What this task involves ▸ Look in the listing below for the line that has "CHIVASSO (TO) –", then return it and each following line up to and including the one with "Hornady Critical Duty", exactly and without pictures.

***** Given data

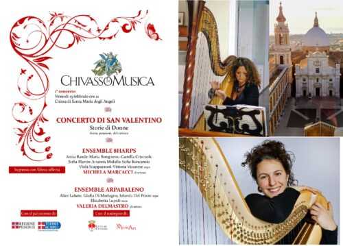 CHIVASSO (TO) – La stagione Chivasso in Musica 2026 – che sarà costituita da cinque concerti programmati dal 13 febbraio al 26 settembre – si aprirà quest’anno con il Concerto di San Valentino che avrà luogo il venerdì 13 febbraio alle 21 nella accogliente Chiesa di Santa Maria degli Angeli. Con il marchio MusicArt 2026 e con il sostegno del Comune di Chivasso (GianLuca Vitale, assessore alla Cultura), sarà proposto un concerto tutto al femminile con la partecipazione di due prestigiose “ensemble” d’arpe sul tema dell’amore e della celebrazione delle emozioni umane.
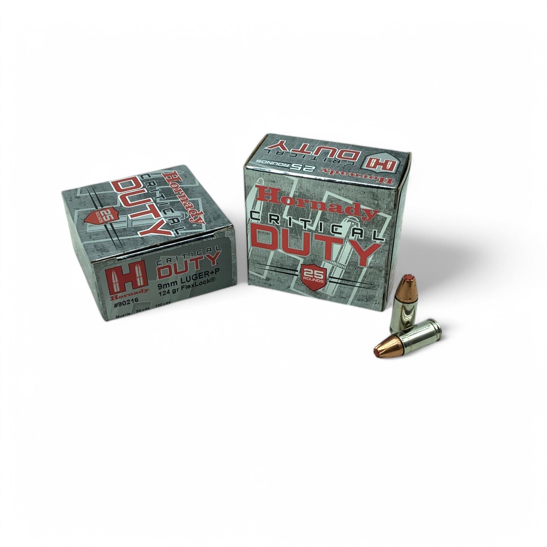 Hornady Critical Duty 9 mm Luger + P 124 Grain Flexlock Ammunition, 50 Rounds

**********
***** Given data

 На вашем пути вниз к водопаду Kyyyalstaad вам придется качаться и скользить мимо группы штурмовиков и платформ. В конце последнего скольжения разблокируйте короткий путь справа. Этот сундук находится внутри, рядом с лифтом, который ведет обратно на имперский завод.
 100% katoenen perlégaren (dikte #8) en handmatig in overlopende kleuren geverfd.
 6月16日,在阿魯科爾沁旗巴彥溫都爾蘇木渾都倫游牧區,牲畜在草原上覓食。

**********

Result of this exercise ▸
 CHIVASSO (TO) – La stagione Chivasso in Musica 2026 – che sarà costituita da cinque concerti programmati dal 13 febbraio al 26 settembre – si aprirà quest’anno con il Concerto di San Valentino che avrà luogo il venerdì 13 febbraio alle 21 nella accogliente Chiesa di Santa Maria degli Angeli. Con il marchio MusicArt 2026 e con il sostegno del Comune di Chivasso (GianLuca Vitale, assessore alla Cultura), sarà proposto un concerto tutto al femminile con la partecipazione di due prestigiose “ensemble” d’arpe sul tema dell’amore e della celebrazione delle emozioni umane.
 Hornady Critical Duty 9 mm Luger + P 124 Grain Flexlock Ammunition, 50 Rounds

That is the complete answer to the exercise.